Your instructions: Begin at the line that contains "ในส่วนของฟีเจอร์เด่น ๆ เช่น" and reproduce it along with every line after it to the end of the listing; skip any pictures.
─── Records for this task ───
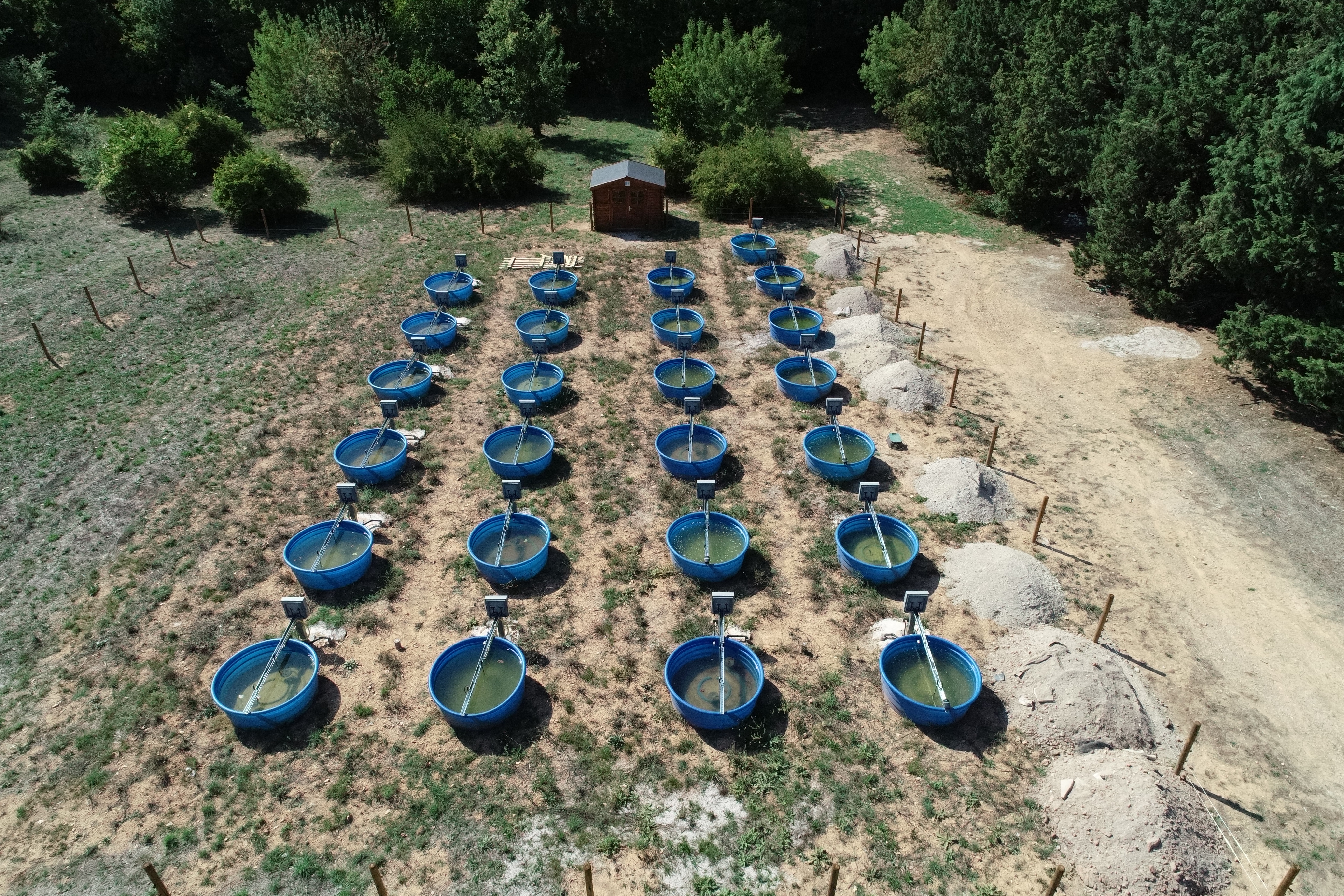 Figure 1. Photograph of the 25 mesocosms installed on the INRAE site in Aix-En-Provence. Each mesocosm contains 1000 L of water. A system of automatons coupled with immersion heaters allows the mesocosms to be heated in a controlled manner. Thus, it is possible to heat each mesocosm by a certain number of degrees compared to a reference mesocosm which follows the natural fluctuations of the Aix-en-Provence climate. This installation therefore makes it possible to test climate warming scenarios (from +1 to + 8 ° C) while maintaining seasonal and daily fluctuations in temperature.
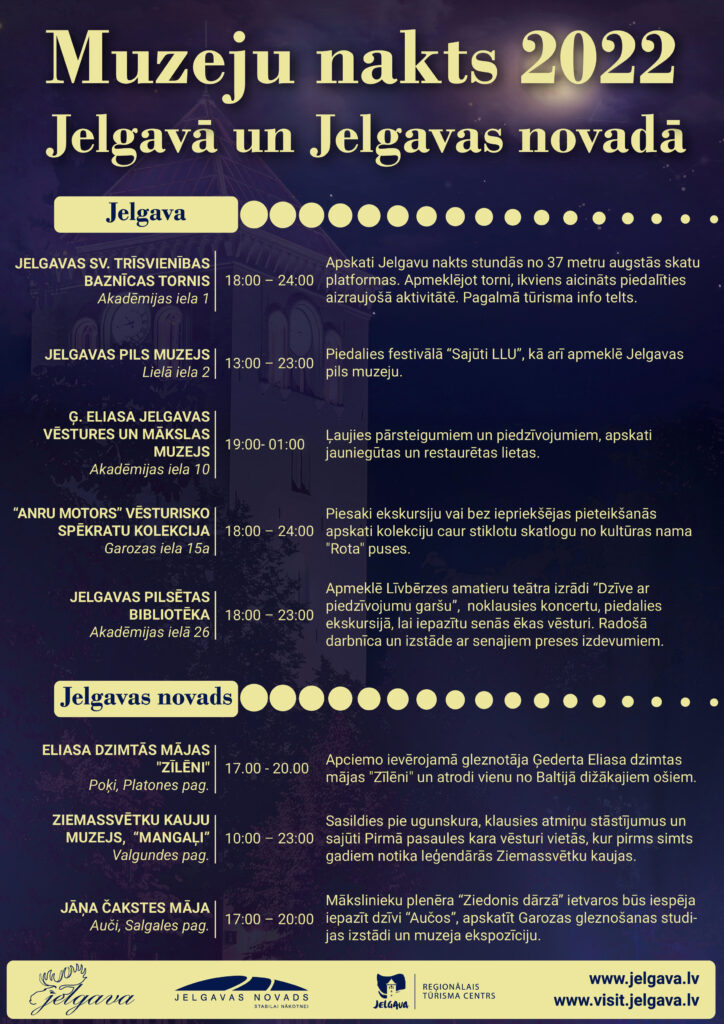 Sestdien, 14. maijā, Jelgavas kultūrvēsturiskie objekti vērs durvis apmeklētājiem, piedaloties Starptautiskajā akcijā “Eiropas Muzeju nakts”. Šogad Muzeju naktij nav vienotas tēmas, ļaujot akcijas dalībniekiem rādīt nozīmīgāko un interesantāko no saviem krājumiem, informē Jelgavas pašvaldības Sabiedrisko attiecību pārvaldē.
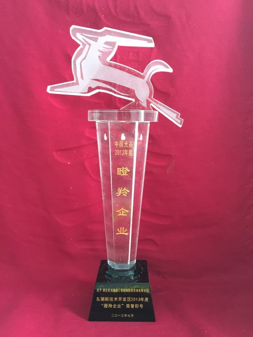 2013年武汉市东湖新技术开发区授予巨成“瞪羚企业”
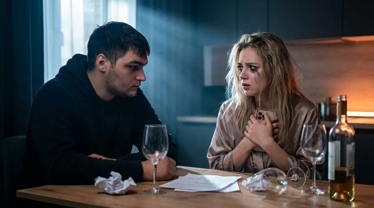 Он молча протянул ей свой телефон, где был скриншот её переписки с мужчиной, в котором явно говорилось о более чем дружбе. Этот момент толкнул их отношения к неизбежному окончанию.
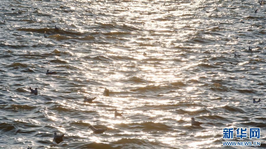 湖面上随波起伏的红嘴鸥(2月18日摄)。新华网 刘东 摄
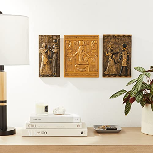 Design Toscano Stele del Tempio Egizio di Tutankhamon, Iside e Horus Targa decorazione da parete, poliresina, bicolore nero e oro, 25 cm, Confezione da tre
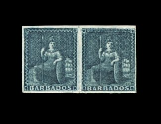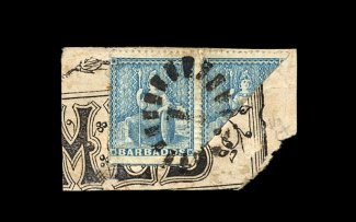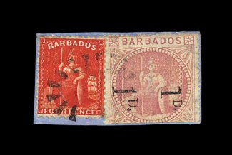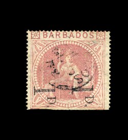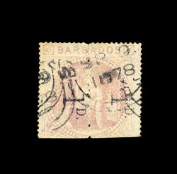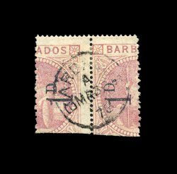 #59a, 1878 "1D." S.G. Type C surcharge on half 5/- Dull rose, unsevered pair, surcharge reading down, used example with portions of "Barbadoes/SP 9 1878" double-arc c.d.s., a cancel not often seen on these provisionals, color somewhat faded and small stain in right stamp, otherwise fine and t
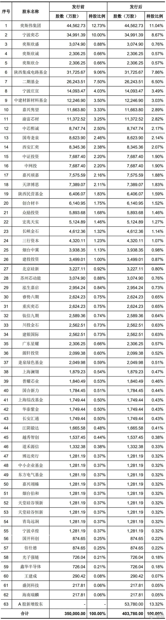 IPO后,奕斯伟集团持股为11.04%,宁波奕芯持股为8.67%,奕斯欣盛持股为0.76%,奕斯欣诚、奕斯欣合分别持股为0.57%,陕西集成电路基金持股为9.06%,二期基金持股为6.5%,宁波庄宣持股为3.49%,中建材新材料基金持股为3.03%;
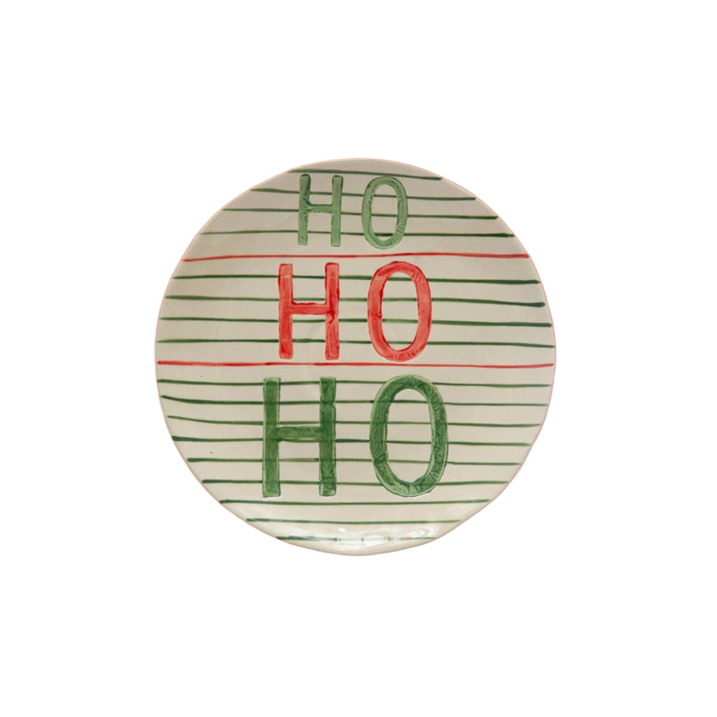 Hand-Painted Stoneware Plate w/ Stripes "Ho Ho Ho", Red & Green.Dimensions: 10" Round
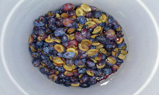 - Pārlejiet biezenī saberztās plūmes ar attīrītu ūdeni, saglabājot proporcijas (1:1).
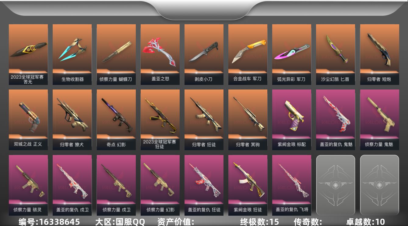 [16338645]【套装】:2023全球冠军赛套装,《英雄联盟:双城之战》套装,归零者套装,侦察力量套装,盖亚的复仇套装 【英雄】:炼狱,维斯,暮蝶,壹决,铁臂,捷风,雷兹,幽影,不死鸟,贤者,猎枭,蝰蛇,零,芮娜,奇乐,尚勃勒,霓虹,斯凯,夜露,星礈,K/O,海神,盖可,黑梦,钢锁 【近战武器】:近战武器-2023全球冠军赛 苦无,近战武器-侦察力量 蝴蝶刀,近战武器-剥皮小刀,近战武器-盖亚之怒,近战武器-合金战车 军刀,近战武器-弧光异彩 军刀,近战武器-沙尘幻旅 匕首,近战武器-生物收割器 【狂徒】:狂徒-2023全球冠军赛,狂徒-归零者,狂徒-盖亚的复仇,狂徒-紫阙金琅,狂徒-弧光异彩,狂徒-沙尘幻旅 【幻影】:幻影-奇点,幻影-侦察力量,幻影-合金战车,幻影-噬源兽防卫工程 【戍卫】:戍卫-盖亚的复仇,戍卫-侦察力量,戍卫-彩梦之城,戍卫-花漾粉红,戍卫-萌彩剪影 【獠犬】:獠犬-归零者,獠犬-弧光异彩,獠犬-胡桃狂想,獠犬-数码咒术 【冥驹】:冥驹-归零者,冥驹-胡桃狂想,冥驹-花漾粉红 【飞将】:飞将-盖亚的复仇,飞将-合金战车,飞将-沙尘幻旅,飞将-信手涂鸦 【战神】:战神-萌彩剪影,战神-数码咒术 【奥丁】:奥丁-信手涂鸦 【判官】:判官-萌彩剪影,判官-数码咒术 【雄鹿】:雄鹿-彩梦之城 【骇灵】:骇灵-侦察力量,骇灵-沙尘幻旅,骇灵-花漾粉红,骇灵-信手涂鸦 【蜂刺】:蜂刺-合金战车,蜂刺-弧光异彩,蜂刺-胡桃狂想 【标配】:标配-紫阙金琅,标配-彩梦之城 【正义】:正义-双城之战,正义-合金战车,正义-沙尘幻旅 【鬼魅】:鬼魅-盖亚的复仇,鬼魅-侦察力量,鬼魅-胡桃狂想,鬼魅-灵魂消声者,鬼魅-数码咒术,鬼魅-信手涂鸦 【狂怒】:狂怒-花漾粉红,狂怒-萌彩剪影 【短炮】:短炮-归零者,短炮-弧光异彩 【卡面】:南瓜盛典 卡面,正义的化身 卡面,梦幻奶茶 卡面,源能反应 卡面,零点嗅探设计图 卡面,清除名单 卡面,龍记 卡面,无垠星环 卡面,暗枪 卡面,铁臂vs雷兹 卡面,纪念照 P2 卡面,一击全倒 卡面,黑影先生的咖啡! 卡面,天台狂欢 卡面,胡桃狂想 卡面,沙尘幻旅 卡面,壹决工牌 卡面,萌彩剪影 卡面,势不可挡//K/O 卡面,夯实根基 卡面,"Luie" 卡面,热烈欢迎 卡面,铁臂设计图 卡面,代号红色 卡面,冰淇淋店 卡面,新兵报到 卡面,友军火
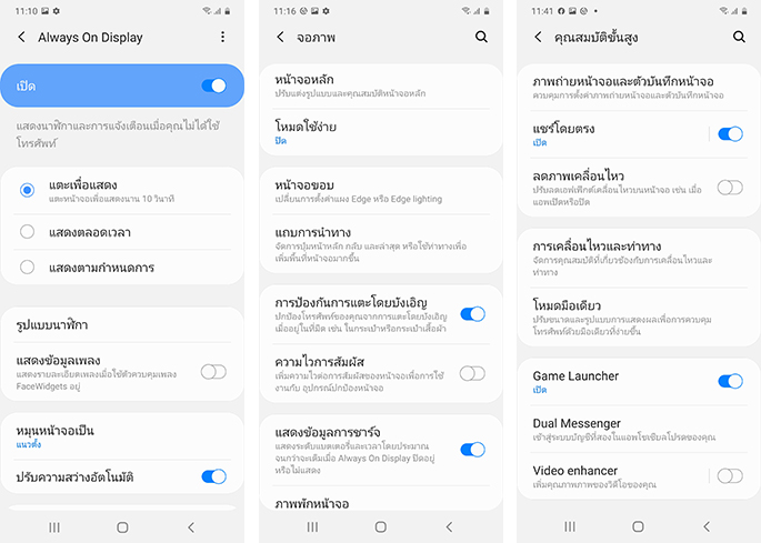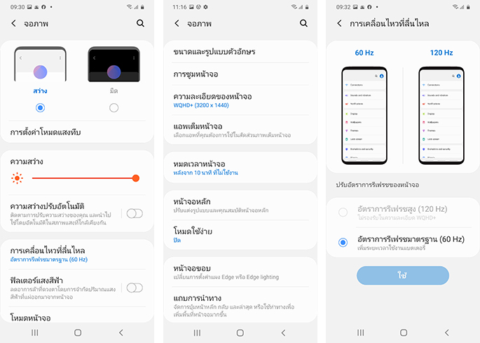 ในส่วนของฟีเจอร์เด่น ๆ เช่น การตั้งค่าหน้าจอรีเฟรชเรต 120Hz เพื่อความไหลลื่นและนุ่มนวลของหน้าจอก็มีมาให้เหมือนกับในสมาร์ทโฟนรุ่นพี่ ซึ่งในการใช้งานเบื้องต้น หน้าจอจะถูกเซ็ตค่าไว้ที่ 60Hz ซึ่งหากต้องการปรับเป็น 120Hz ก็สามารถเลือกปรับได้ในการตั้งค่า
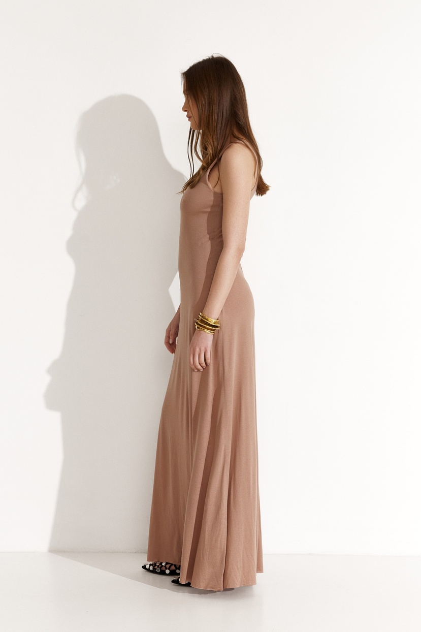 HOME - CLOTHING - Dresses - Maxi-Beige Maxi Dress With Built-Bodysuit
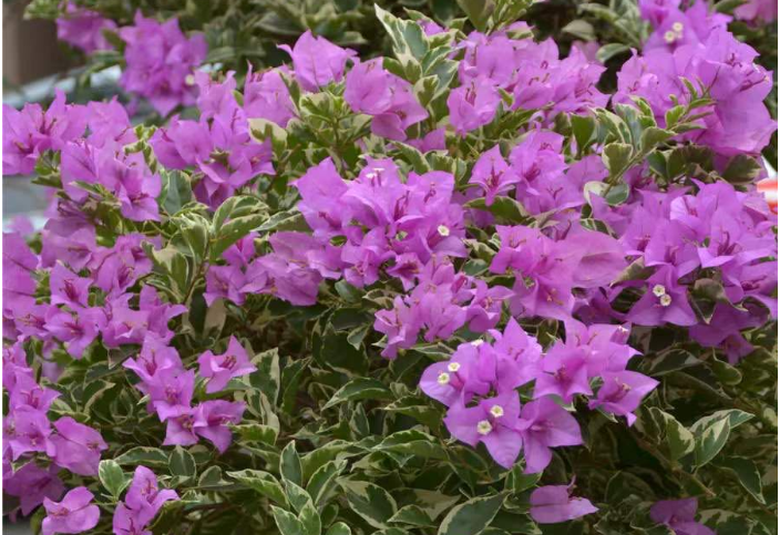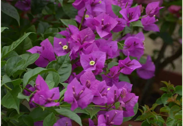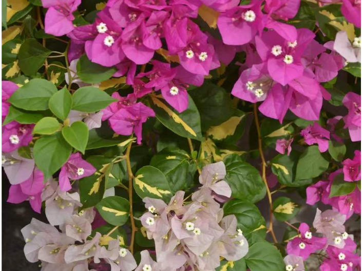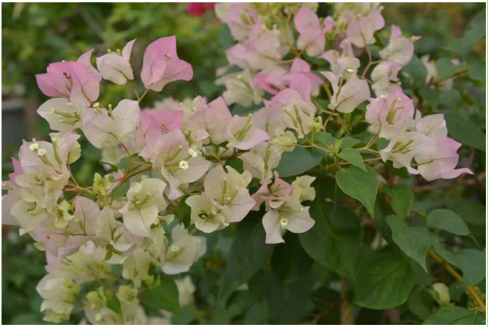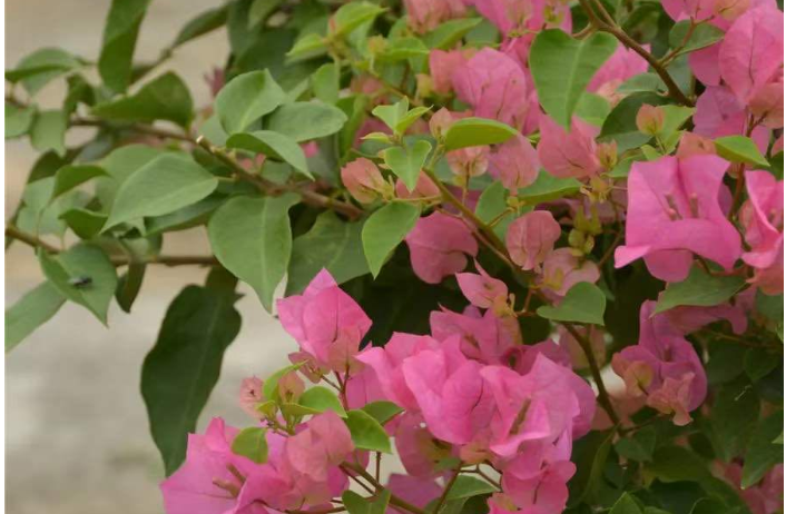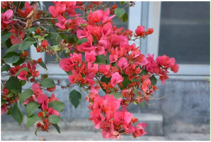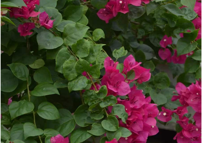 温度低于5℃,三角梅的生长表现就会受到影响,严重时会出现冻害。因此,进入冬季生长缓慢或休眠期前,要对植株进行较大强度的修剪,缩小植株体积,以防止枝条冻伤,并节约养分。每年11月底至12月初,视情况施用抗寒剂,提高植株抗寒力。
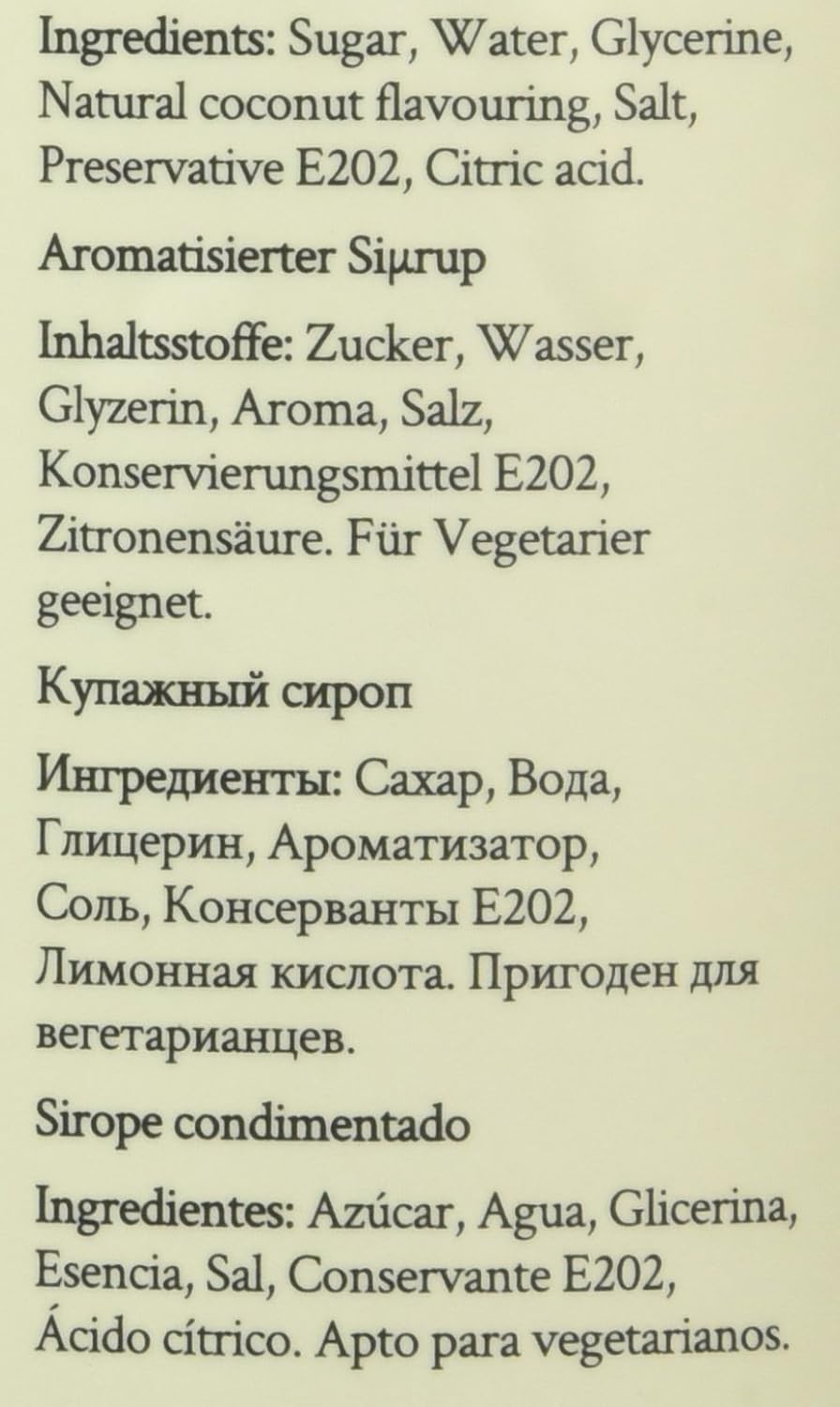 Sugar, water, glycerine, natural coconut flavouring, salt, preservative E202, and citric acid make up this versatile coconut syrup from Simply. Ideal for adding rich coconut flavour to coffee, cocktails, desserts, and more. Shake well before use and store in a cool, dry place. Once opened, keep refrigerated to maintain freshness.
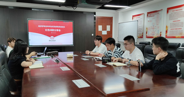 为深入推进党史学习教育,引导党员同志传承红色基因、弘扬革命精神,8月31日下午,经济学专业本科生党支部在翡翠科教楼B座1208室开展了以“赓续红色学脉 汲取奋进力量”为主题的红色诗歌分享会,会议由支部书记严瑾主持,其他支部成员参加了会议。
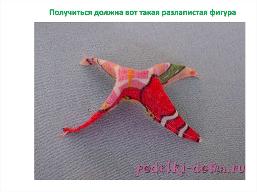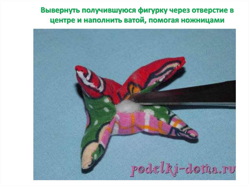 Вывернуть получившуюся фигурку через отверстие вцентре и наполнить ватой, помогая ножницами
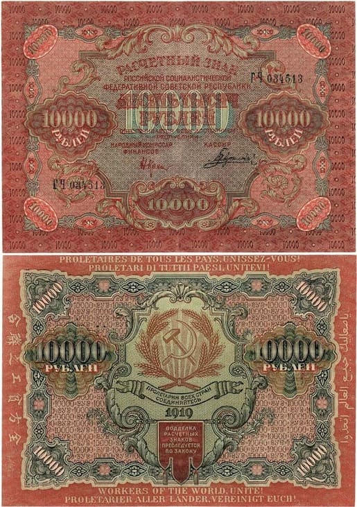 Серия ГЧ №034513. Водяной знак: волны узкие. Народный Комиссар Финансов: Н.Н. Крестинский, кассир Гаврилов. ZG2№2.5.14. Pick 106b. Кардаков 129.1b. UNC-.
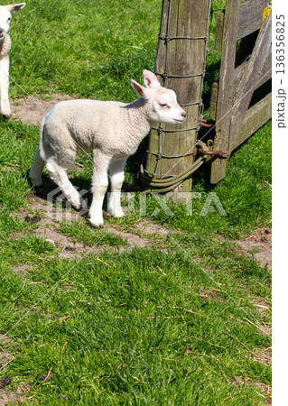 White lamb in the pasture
───
Exercise output:
 ในส่วนของฟีเจอร์เด่น ๆ เช่น การตั้งค่าหน้าจอรีเฟรชเรต 120Hz เพื่อความไหลลื่นและนุ่มนวลของหน้าจอก็มีมาให้เหมือนกับในสมาร์ทโฟนรุ่นพี่ ซึ่งในการใช้งานเบื้องต้น หน้าจอจะถูกเซ็ตค่าไว้ที่ 60Hz ซึ่งหากต้องการปรับเป็น 120Hz ก็สามารถเลือกปรับได้ในการตั้งค่า
 HOME - CLOTHING - Dresses - Maxi-Beige Maxi Dress With Built-Bodysuit
 温度低于5℃,三角梅的生长表现就会受到影响,严重时会出现冻害。因此,进入冬季生长缓慢或休眠期前,要对植株进行较大强度的修剪,缩小植株体积,以防止枝条冻伤,并节约养分。每年11月底至12月初,视情况施用抗寒剂,提高植株抗寒力。
 Sugar, water, glycerine, natural coconut flavouring, salt, preservative E202, and citric acid make up this versatile coconut syrup from Simply. Ideal for adding rich coconut flavour to coffee, cocktails, desserts, and more. Shake well before use and store in a cool, dry place. Once opened, keep refrigerated to maintain freshness.
 为深入推进党史学习教育,引导党员同志传承红色基因、弘扬革命精神,8月31日下午,经济学专业本科生党支部在翡翠科教楼B座1208室开展了以“赓续红色学脉 汲取奋进力量”为主题的红色诗歌分享会,会议由支部书记严瑾主持,其他支部成员参加了会议。
 Вывернуть получившуюся фигурку через отверстие вцентре и наполнить ватой, помогая ножницами
 Серия ГЧ №034513. Водяной знак: волны узкие. Народный Комиссар Финансов: Н.Н. Крестинский, кассир Гаврилов. ZG2№2.5.14. Pick 106b. Кардаков 129.1b. UNC-.
 White lamb in the pasture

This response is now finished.